The GuardianThe Guardian

Why the secret to productivity isn’t longer hours

By Andrew Anthony

22 Jan 2017 · 5 min read

Alex Soojung-Kim Pang is a consultant in Silicon Valley and a visiting scholar at Stanford University. He writes about technology and its cultural impact. His latest book, Rest: Why You Get More Done When You Work Less, is an empirical argument in favour of more limited working hours and greater understanding of the benefits of active rest as a means of raising creativity and productivity.

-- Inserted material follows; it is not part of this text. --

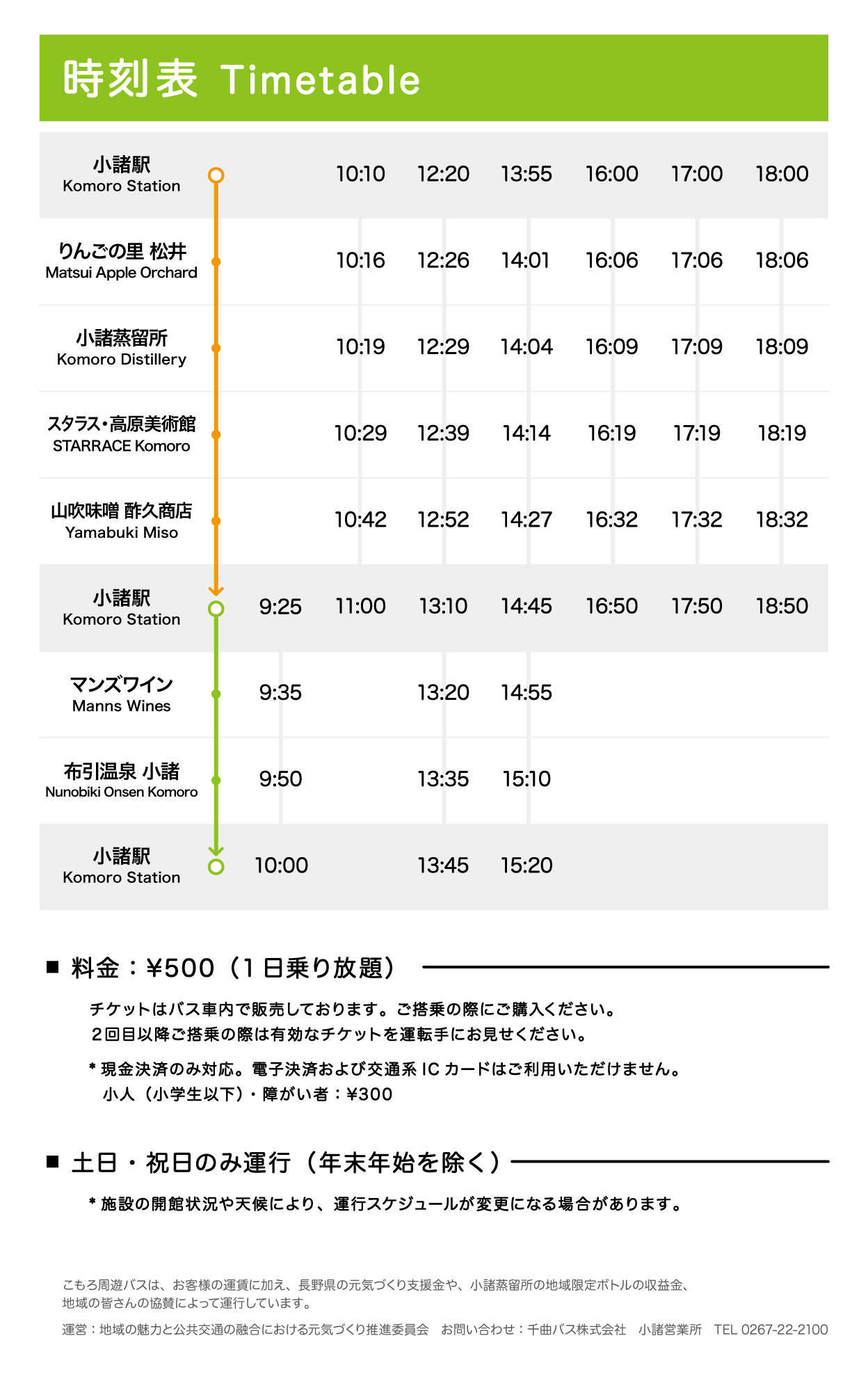 ※ 11月1日より、土日祝日に小諸蒸留所にお越しのお客様は当周遊バスをご利用下さい。

What made you decide to write the book? I’ve been working as a technology forecaster and a consultant in Silicon Valley for about 15 years, and a few years ago, after lots of long projects and multitasking and travel, I started to feel the classic effects of burnout. My first response to this was to try to fit more into the day, to try to work harder. But when I was on sabbatical at Microsoft Research in Cambridge, I found that in three months I got an enormous amount of stuff done and did an awful lot of really serious thinking, which was a great luxury, but I also had what felt like an amazingly leisurely life. I didn’t feel the constant pressure to look busy or the stress that I had when I was consulting. And it made me think that maybe we had this idea about the relationship between working hours and productivity backward. And [we should] make more time in our lives for leisure in the classic Greek sense, not playing a lot of video games.